Деревня, однако, вскоре показалась. Она выплыла из-за пригорка совсем неожиданно и встала перед Верой большим новым амбаром на обочине, потемневшими в сумерках и, казалось, слишком густыми садами. По обе стороны улицы – хаты, возле них небольшие палисадники, где растут, заглядывая в окна, роскошные георгины и лопушистый табак. Почти у каждого плетня, а то и возле хат – лавочки. Вера миновала одну, вторую, но потом не выдержала, подошла к скамье и провела по ней рукой. На ладони остался густой слой пыли. Вырвав возле плетня несколько лопушин, смела пыль, положила на лавку шинель, узел. Руки стали удивительно легкими, казалось, могли сами взлететь в воздух. Присела на лавку. Приятная легкость разлилась по ногам, мелькнула мысль, что хорошо бы разуться, прилечь, хоть и узенькая лавка, короткая.
Совсем недавно на каждой из таких скамеек сидели, конечно, парни и девушки. На улице было говорливо, весело. А теперь – ни души. Хоть бы кто-нибудь показался! Неужто все выехали? Ни шороха, ни звука…
Где же переночевать?
Во дворе рядом скрипнула калитка, и на улицу осторожно, будто крадучись, выползла сгорбленная простоволосая старушка. Недоверчиво посмотрела в одну сторону, в другую.
– Добрый вечер вам! – поздоровалась Вера.
Старушка быстро юркнула во двор, закрыла за собой калитку и только тогда ответила:
– Добрый вечер, детки.
– Бабушка, – обратилась к ней Вера, – может, вы посоветуете, где можно переночевать? Мужа провожала в армию, ночь меня тут и застала.
– Что же я вам посоветую, детки? – печально отозвалась старуха. – Мы и сами теперь дома не ночуем. Пройдите в тот конец, может, кто и пустит…
И Вера пошла: после такого разговора оставаться возле хаты не хотелось. Даже в этой деревне не хотелось задерживаться! Не заглядывала больше во дворы, не искала глазами жителей. Почему-то казалось, что каждый тут скажет то же самое.
Крайняя хата была обнесена почерневшим забором. На улице, напротив окон, лежали два больших камня. Они, наверное, заменяли скамейку. Во дворе тоже белели камни, только поменьше. Ни дерева во дворе, ни зеленого куста. Настежь распахнуты ворота…
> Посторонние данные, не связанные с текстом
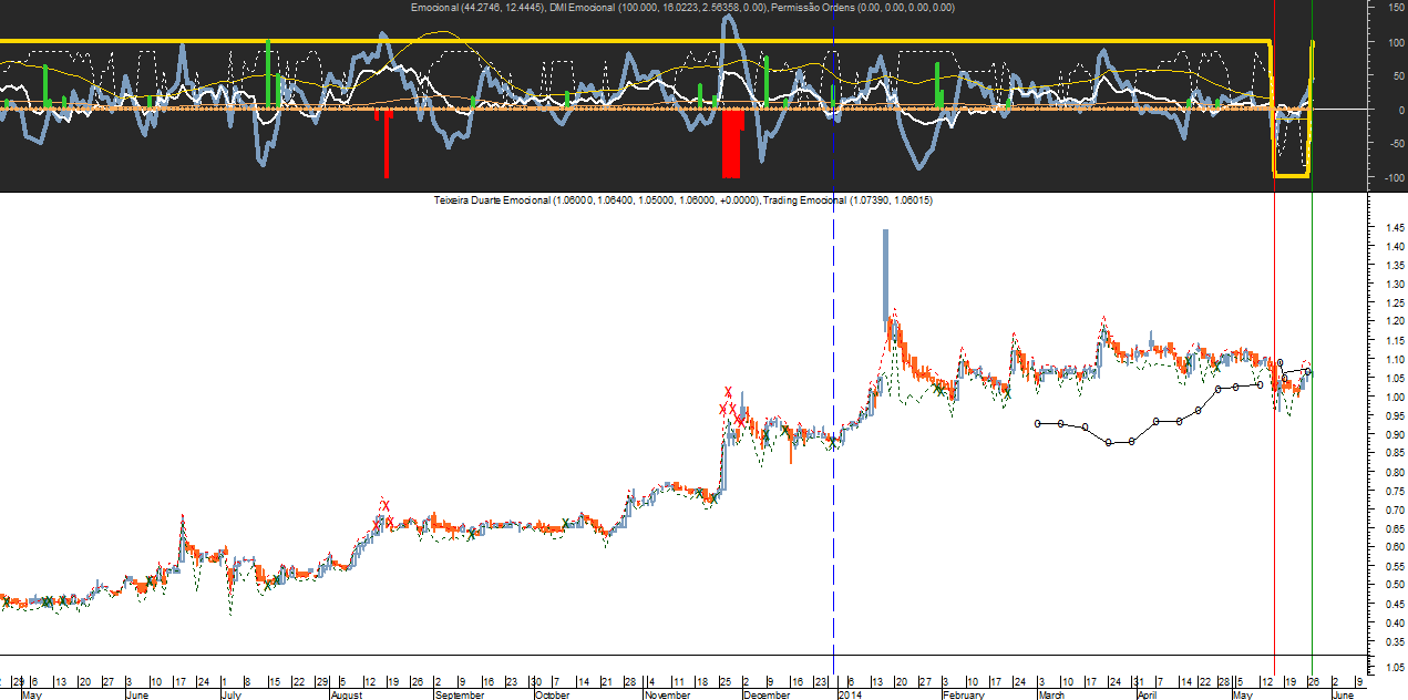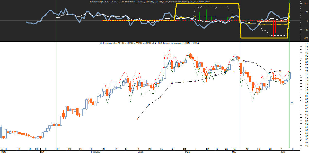 Apesar da recuperação ocorrida nestes últimos dias nos mercados em geral a carteira “Emocional 2014”, que já dispunha de um número muito reduzido de títulos comprados, acaba hoje de dar ordem para reduzir ainda mais a sua exposição ao risco ao surgir hoje uma ordem de venda na Soja, obrigando assim a fechar amanhã 1 trade tendencial e 2 trades oscilatórias que ainda se mantinham abertas até agora nesta commodity.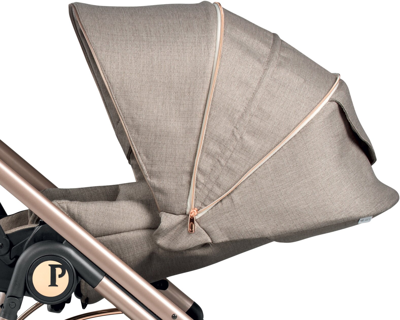 Сидіння Veloce: Реверсивне сидіння призначене для дітей від народження і до досягнення ваги 22 кг. Широке сидіння регулюється в 3х положеннях та має п'яти точкові ремені безпеки. Бампер з еко-шкіри, що відкривається. Великий капюшон на блискавці із козирком, що має захист від сонячних променів UPF 50+. Теплий чохол на ніжки.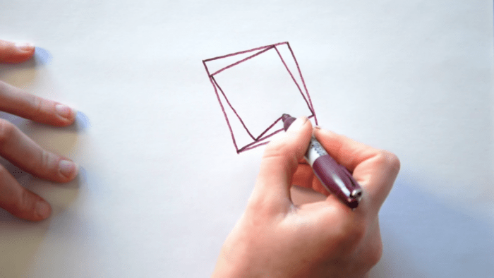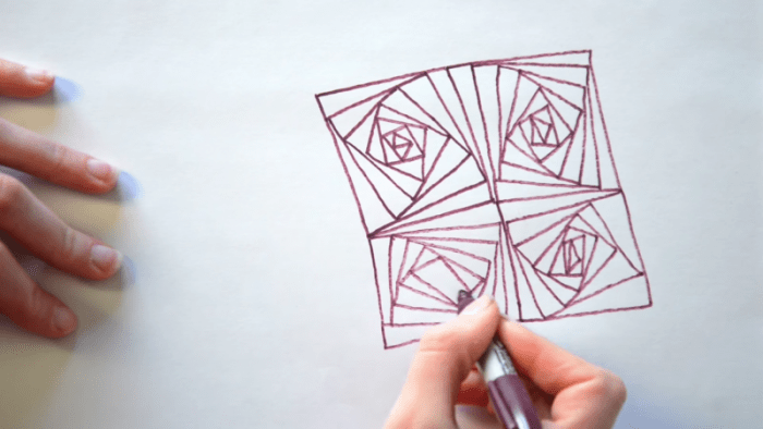Διάλεξε ένα συγκεκριμένο πρότυπο που αποτελούταν από διάφορα τετράγωνα. Ξεκίνησε με ένα απλό τετράγωνο και μετά σχεδίασε άλλο ένα ξεκινώντας από τη μία γωνία και μετά άλλο ένα. Συνέχισε έτσι μέχρι όλο το τετράγωνο να έχει γεμίσει.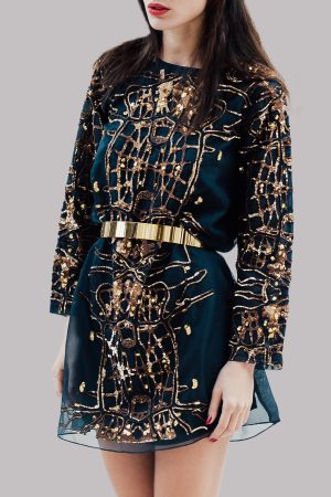 Black Iris Organza Embellished Dress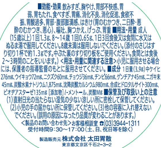 生薬特有の芳香味と効きめを生かすようにしております。弱った胃を元気にし、飲みすぎや胃もたれなどの胃の不快な症状や食欲不振を改善します。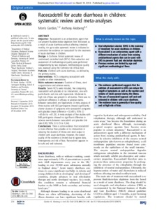 Racecadotril for acute diarrhoea in children: systematic review and meta-analyses.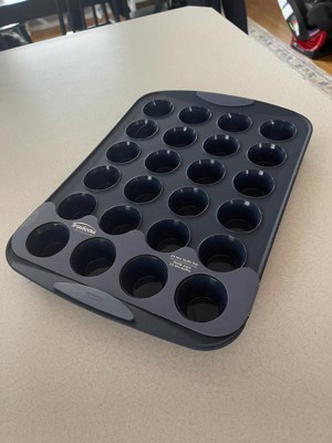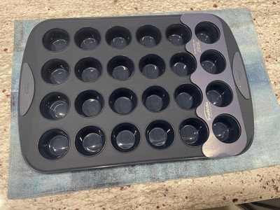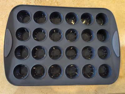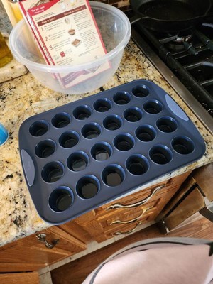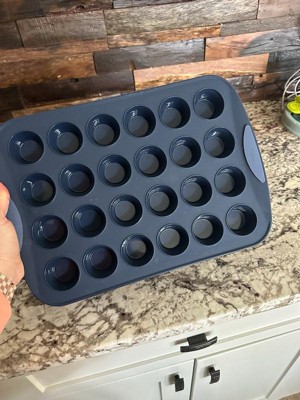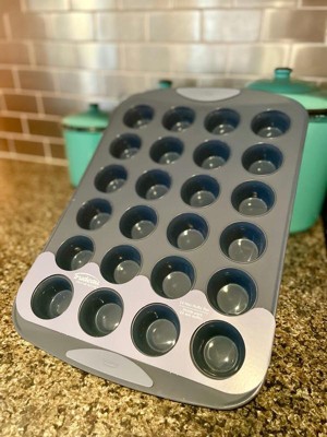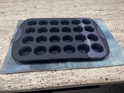 [This review was collected as part of a promotion.] I love this muffin pan! I have used a silicone mini muffin pan in the past and it was so floppy and created quite a mess. I love how this has handles and the edges are structured. It was easy to pop out the muffins and relatively easy to clean too.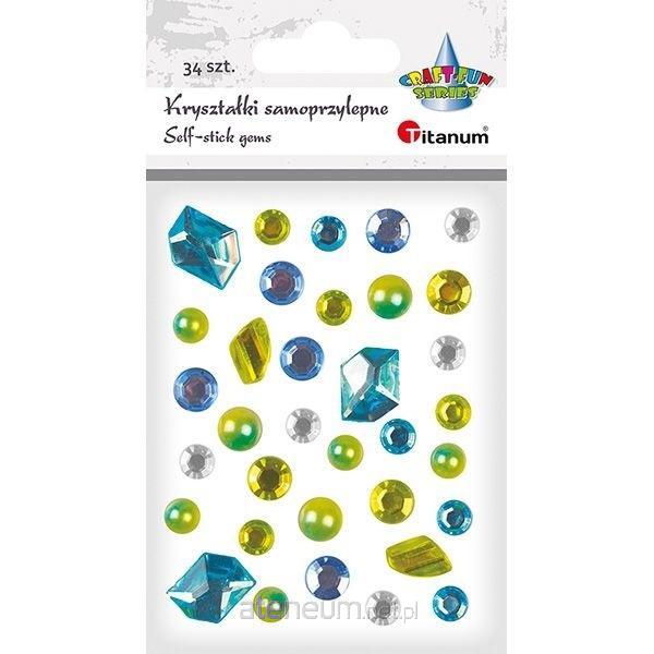 Kryształki samoprzylepne mix wzorów, tonacja niebiesko-zielona 33 szt. Rodzaj: okrągłe 108 mm, kamyki 13 x 18 mm, perełki 10, 8 mm.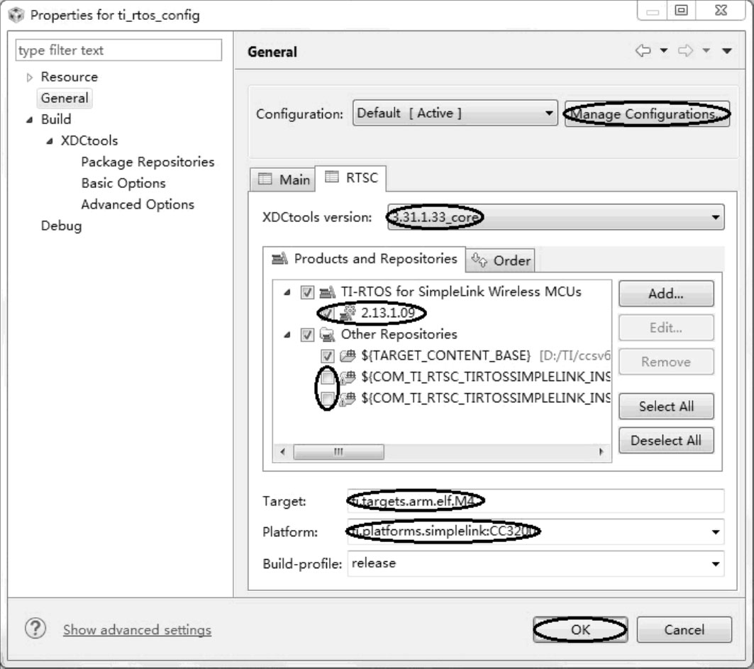 (5)重建ti_rtos_config项目时,除在“属性”对话框“main”标签选择“Compiler version”(编译器版本)为“TI v5.2.2”外,还需要在“RTSC”标签选择最新XDCtools和TI-RTOS版本,不选择bios和uia,确认“Target”(目标)是“ti.targets.arm.elf.M4”,选择“Platform”(平台)为“ti.platforms.simplelink:CC3200”,如图2.22所示。
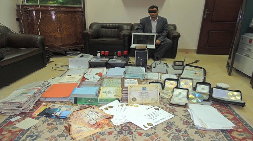 وتم ضبط المذكورين بمحل اقامتهم اليوم الثلاثاء ، وبتفتيش محل الأقامة والنقابه ، عثرت قوات الأمن على (1) 3 طابعة ليزر ماركة HB (2) عدد من الشهادات المزوره والممهوره بأختام مقلده (3) دفاتر ايصالات استلام نقدية (4) ماكينة تغليف ومقص اوراق وماكينة كبس حرارى (5) 7 أختام وأكلاشيهات مقلده . (6) العديد من طلبات الحصول على وحدات سكنية (7) جهاز لاب توب ماركة توشيبا ويحتوى على الاختام والاكلاشيهات الحكومية وغير الحكومية ، بالأضافه الى خطة التحرك لجذب المواطنين وجمع الأموال ، بقصد التربح .

Этот последний уголок в деревне, где можно было бы остановиться, показался Вере таким пустым и неуютным, что пропало всякое желание останавливаться здесь на ночь. В хате тоже никого нет. Фронт близко, каждую минуту пролетают вражеские самолеты, вот и покинули люди свое жилье.
За деревней стеной стояла высокая колосистая рожь. Узенькая, похожая на межу тропинка вилась через поле и в густых сумерках быстро исчезала вдали. На тропинке было до того тихо, что слышался едва уловимый шелест колосьев. Пахло хвощом, желтой ромашкой и полевым клевером. Вера отошла немного в сторону от тропинки, с жалостью примяла ногами рожь и опустилась на свежую скрипящую солому, на жестковатые колосья. От земли тянуло влагой, – место, как видно, низкое, но незачем бояться сырости, есть шинель, а в узле постилка.
Постилка в клеточку! Вера помнила ее с детства. Когда-то ею по праздникам застилали детскую кроватку, потом стали застилать почти ежедневно. Вытканная из шерстяной разноцветной пряжи, она была удивительно долговечной. Все домашние привыкли к постилке, как к чему-то очень необходимому и в то же время обычному в хате, и если б она вдруг исчезла, пожалуй, появилось бы ощущение, что хата лишилась какой-то части своего тепла.
Когда неделю тому назад Вера ушла из дому следом за Андреем, мать догнала ее за рекой и упросила взять с собой вот эту постилку. «Может, дождь, может, ветер. Мало что может случиться в такой дороге…»
Теперь, развязав узел и достав постилку, Вера почувствовала близкий сердцу домашний запах. И вдруг до боли стало жаль своих близких, страшно захотелось увидеть их…
Постилка создала сразу подобие уюта: вытоптанное во ржи ложе под ней стало похоже на постель, даже напомнило один такой близкий уголок в отцовской избе. Меньше ощущалась и сырость. Но Вера, прежде чем лечь, все-таки набросила на себя шинель Андрея, плотно укуталась ею. Стало так тихо, будто все вокруг уснуло крепким сном.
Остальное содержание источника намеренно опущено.